Pull out of the data below the stretch of lines bounded by the one containing "HESAP 23 DESTANSİDİR" and the one containing "外皮烤至金黃酥脆、香氣四溢,咬開後內裡滿", both bounds included, unchanged.

▶ **Record set**
■ ■ ■ ■ ■

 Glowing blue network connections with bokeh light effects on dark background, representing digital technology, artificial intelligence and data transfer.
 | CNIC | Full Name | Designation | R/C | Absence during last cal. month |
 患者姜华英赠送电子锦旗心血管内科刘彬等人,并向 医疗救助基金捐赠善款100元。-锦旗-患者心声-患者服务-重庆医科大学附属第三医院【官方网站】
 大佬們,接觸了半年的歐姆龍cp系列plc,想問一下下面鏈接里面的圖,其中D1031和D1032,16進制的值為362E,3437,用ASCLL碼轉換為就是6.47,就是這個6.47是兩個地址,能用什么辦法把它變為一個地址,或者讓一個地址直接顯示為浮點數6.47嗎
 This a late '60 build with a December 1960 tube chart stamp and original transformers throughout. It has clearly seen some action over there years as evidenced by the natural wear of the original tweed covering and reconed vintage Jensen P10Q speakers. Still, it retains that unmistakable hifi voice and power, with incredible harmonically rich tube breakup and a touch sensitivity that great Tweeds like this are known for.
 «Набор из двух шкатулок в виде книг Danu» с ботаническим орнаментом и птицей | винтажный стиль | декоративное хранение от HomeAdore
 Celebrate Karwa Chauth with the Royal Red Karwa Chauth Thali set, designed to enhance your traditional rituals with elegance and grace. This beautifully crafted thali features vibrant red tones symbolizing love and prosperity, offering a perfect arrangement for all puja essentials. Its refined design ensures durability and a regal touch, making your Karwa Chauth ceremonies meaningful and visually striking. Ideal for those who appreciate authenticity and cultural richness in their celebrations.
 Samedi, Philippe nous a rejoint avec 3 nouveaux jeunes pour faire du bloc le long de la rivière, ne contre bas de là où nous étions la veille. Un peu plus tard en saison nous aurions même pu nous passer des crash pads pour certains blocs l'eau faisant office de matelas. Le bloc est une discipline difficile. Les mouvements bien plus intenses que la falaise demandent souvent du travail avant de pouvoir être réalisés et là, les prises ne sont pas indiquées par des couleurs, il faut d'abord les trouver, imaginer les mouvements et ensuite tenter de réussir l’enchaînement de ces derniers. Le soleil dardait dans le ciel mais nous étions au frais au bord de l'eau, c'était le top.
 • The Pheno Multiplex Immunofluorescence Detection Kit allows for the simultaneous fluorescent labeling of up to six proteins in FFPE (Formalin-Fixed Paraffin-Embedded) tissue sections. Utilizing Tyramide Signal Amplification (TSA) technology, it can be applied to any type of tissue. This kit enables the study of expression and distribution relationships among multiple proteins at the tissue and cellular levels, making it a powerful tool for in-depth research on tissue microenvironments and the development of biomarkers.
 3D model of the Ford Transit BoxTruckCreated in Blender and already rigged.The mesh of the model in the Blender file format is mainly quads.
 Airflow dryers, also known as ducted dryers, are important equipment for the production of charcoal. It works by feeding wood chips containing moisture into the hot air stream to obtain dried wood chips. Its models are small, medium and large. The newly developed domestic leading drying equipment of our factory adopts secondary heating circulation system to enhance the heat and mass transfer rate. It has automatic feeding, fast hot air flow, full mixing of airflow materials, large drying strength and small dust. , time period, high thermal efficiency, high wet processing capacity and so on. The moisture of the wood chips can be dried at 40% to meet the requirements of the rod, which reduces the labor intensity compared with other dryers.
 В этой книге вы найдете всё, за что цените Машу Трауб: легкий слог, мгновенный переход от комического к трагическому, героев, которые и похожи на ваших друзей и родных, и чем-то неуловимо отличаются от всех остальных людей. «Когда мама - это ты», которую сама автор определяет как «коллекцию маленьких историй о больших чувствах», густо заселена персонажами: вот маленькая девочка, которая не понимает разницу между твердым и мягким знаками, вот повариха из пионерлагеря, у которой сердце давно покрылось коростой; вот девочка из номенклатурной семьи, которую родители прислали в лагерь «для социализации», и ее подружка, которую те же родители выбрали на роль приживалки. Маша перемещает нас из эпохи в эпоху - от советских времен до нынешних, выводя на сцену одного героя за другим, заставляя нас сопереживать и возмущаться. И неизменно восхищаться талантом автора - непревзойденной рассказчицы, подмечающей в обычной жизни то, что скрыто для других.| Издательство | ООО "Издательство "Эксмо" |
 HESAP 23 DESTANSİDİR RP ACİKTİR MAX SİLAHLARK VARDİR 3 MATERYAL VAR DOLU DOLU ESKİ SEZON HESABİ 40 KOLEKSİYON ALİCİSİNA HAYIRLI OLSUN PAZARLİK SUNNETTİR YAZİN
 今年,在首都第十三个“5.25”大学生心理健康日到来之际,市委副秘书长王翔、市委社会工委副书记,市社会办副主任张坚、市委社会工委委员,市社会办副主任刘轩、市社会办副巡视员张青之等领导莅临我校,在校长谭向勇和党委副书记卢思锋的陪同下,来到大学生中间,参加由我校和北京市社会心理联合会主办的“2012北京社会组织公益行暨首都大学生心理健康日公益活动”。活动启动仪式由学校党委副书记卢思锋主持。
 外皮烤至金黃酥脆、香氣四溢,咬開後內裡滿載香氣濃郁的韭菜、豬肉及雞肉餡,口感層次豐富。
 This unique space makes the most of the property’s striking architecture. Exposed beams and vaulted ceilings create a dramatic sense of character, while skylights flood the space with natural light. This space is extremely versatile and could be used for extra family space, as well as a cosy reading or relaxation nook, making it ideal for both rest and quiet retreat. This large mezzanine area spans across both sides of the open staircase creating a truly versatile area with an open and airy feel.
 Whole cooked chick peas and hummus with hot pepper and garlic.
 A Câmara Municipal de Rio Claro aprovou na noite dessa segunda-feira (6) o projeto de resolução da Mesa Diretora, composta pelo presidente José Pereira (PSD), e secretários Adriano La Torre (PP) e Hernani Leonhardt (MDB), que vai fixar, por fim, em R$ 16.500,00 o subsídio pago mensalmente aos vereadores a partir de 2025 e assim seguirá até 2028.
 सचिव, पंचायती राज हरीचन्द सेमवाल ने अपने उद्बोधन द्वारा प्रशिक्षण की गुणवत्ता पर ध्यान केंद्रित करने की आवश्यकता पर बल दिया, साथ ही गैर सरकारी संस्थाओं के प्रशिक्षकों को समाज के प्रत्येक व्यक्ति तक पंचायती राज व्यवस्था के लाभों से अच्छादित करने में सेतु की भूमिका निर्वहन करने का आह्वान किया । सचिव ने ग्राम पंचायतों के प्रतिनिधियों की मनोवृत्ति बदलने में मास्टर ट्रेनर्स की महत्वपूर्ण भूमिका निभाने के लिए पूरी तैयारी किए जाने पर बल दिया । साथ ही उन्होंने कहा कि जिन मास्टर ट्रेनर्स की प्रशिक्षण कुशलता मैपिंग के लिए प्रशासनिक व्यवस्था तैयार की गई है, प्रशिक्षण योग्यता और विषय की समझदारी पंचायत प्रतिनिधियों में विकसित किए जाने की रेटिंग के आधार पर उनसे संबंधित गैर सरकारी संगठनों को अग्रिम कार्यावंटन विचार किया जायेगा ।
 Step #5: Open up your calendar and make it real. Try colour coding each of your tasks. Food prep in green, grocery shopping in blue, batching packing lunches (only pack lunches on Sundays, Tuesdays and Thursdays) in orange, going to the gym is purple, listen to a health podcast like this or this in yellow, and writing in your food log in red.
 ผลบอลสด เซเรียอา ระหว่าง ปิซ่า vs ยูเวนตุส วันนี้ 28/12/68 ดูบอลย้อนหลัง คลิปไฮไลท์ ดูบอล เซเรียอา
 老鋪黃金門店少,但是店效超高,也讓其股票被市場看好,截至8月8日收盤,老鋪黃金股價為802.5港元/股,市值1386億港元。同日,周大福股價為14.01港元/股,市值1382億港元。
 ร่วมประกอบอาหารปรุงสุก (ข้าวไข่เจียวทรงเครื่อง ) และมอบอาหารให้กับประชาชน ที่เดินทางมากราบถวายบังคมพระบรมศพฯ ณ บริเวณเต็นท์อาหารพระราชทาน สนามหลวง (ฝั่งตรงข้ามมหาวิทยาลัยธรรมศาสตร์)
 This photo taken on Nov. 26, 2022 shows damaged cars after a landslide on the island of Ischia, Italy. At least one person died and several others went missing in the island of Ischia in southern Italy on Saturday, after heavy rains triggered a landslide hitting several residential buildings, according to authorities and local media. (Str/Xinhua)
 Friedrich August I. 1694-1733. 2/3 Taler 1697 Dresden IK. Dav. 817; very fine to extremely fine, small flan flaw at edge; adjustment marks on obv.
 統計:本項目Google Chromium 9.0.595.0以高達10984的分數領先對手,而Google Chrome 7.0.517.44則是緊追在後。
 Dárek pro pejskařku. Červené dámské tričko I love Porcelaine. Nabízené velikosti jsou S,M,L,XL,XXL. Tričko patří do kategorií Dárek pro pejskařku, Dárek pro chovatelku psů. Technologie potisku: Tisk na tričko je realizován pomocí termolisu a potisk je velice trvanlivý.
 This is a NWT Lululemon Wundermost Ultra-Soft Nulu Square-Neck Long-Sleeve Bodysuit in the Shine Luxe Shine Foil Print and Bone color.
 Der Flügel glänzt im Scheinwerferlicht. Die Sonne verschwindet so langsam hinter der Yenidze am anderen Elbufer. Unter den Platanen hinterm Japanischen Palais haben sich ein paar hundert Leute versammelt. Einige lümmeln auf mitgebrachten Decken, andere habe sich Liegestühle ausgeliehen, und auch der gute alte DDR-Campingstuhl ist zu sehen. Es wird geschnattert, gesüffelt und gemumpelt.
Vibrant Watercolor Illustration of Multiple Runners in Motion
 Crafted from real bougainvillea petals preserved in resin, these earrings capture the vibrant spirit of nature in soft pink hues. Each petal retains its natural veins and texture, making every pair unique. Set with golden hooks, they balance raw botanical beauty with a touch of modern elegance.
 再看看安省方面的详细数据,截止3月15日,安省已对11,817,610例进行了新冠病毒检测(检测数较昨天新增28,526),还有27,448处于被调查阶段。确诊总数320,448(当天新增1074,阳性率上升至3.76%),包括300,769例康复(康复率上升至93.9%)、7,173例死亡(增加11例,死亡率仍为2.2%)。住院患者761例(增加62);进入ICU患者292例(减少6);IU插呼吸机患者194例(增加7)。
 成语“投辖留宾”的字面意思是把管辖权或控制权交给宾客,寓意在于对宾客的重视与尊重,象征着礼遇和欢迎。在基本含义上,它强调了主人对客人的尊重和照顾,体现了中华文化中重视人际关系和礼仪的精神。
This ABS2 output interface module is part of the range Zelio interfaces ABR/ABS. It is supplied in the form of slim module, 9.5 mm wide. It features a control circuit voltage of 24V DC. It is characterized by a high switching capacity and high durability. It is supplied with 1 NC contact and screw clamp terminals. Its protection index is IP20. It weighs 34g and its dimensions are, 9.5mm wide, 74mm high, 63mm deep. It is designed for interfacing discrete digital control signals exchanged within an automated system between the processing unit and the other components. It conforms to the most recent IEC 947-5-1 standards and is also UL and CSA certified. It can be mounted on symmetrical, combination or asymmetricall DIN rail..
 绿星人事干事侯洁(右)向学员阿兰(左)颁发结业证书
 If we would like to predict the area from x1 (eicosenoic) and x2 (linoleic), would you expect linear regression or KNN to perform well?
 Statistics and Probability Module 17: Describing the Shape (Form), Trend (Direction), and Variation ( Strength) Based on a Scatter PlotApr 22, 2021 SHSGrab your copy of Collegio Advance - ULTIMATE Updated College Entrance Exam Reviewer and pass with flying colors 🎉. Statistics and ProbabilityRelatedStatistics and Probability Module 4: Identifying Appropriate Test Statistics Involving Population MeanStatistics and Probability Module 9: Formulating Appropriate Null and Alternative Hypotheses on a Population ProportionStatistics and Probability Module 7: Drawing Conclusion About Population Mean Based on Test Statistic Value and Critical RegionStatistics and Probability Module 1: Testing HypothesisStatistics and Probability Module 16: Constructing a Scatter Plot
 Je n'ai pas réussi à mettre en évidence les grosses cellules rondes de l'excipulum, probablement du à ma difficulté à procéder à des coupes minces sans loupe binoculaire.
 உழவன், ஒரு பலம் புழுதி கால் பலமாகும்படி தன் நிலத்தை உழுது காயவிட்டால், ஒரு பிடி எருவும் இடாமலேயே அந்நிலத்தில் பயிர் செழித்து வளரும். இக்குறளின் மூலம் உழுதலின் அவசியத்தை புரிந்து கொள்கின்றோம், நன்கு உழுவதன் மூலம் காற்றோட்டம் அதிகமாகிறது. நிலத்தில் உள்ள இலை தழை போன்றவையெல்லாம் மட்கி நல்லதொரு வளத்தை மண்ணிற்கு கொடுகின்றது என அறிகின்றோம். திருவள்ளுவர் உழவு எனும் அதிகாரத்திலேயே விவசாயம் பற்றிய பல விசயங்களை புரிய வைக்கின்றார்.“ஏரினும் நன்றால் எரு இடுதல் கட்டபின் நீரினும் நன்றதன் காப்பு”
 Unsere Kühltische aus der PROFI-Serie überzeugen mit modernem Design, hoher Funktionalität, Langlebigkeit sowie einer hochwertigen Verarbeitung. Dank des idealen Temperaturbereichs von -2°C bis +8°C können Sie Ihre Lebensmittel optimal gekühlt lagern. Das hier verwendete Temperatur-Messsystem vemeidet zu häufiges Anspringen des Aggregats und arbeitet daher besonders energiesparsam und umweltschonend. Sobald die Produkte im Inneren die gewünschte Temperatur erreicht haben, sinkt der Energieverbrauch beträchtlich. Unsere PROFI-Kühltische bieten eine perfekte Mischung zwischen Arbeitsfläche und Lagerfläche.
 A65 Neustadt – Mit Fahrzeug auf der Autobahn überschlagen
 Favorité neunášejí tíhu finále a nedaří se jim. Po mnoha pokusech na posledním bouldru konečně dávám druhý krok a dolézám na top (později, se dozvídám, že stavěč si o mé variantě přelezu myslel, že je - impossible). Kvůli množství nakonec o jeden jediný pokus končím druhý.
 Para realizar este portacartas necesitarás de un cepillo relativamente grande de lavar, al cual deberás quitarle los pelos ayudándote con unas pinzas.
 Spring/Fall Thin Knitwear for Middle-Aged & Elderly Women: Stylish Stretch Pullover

■ ■ ■ ■ ■

▶ **Solution to this exercise**
 HESAP 23 DESTANSİDİR RP ACİKTİR MAX SİLAHLARK VARDİR 3 MATERYAL VAR DOLU DOLU ESKİ SEZON HESABİ 40 KOLEKSİYON ALİCİSİNA HAYIRLI OLSUN PAZARLİK SUNNETTİR YAZİN
 今年,在首都第十三个“5.25”大学生心理健康日到来之际,市委副秘书长王翔、市委社会工委副书记,市社会办副主任张坚、市委社会工委委员,市社会办副主任刘轩、市社会办副巡视员张青之等领导莅临我校,在校长谭向勇和党委副书记卢思锋的陪同下,来到大学生中间,参加由我校和北京市社会心理联合会主办的“2012北京社会组织公益行暨首都大学生心理健康日公益活动”。活动启动仪式由学校党委副书记卢思锋主持。
 外皮烤至金黃酥脆、香氣四溢,咬開後內裡滿載香氣濃郁的韭菜、豬肉及雞肉餡,口感層次豐富。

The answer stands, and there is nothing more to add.